Post  Guest on Tue Jan 26, 2010 1:04 am

The website of the Center for Aerosol Research at NASA's Goddard Space Flight Center has been taken offline after a grey hat hacker demoed an attack on its database. The SQL injection exploitation had to be performed manually and was unusually hard to pull off, according to the attacker.

"I want to say that it was very hard to make this injection… The webserver had good protection but wasn’t fully secured," TinKode, a Romanian self-confessed grey hat hacker, writes on his blog. "This kind only works manually , you can’t do it with apps," he stresses.

The aerocenter.gsfc.nasa.gov is actually the third website associated with NASA's Goddard Space Flight Center (GSFC) that TinKode has hacked in recent months, suggesting a more serious Web development issue on this domain.

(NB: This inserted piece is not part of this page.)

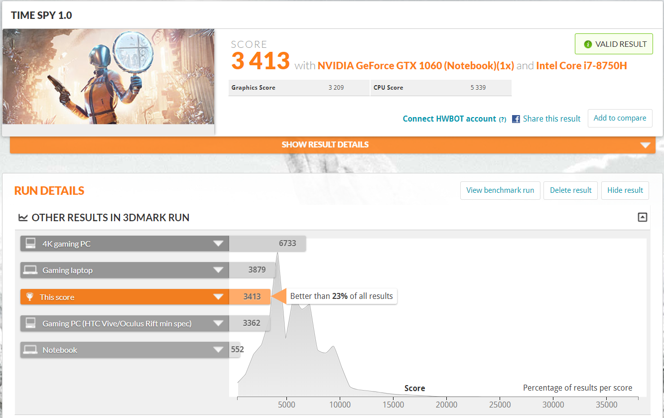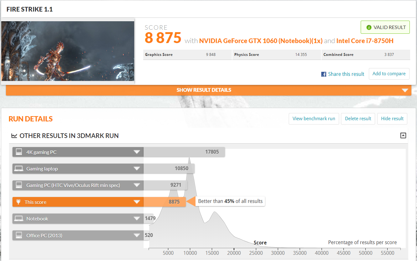 However, when it comes to the Physics and CPU scores the Fusion II sits comfortably somewhere in the middle as all 7 of the comparison laptops use the same i7-8750H.

At the beginning of December we reported that websites belonging to GSFC's Instrument Systems and Technology Division, istd.gsfc.nasa.gov, as well as the Software Engineering Division, sed.gsfc.nasa.gov were compromised in a similar fashion.

According to an official description available on the compromised website, before it was taken down, the "AeroCenter is an interdisciplinary union of researchers at NASA Goddard and other organizations in the Washington DC metropolitan area (including NOAA, University of Maryland, and other insititutions) who are interested in many facets of atmospheric aerosols." From the partially obfuscated screenshots published by the security enthusiast, it appears the database contains private information about site members, such as full name, e-mail, phone, affiliation or focus group.

TinKode has also revealed details about seven administrative accounts, including those of Lorraine A. Remer, NASA official responsible for the AeroCenter program, Richard Kleidman, curator and Paul D. Przyborski, the Webmaster. As the grey hat hacker indicates, only password "hashes" are stored in the database, which is much better than storing them in plain text. Unfortunately, these hashes can be easily cracked, because they were generated with MD5, an insecure algorithm.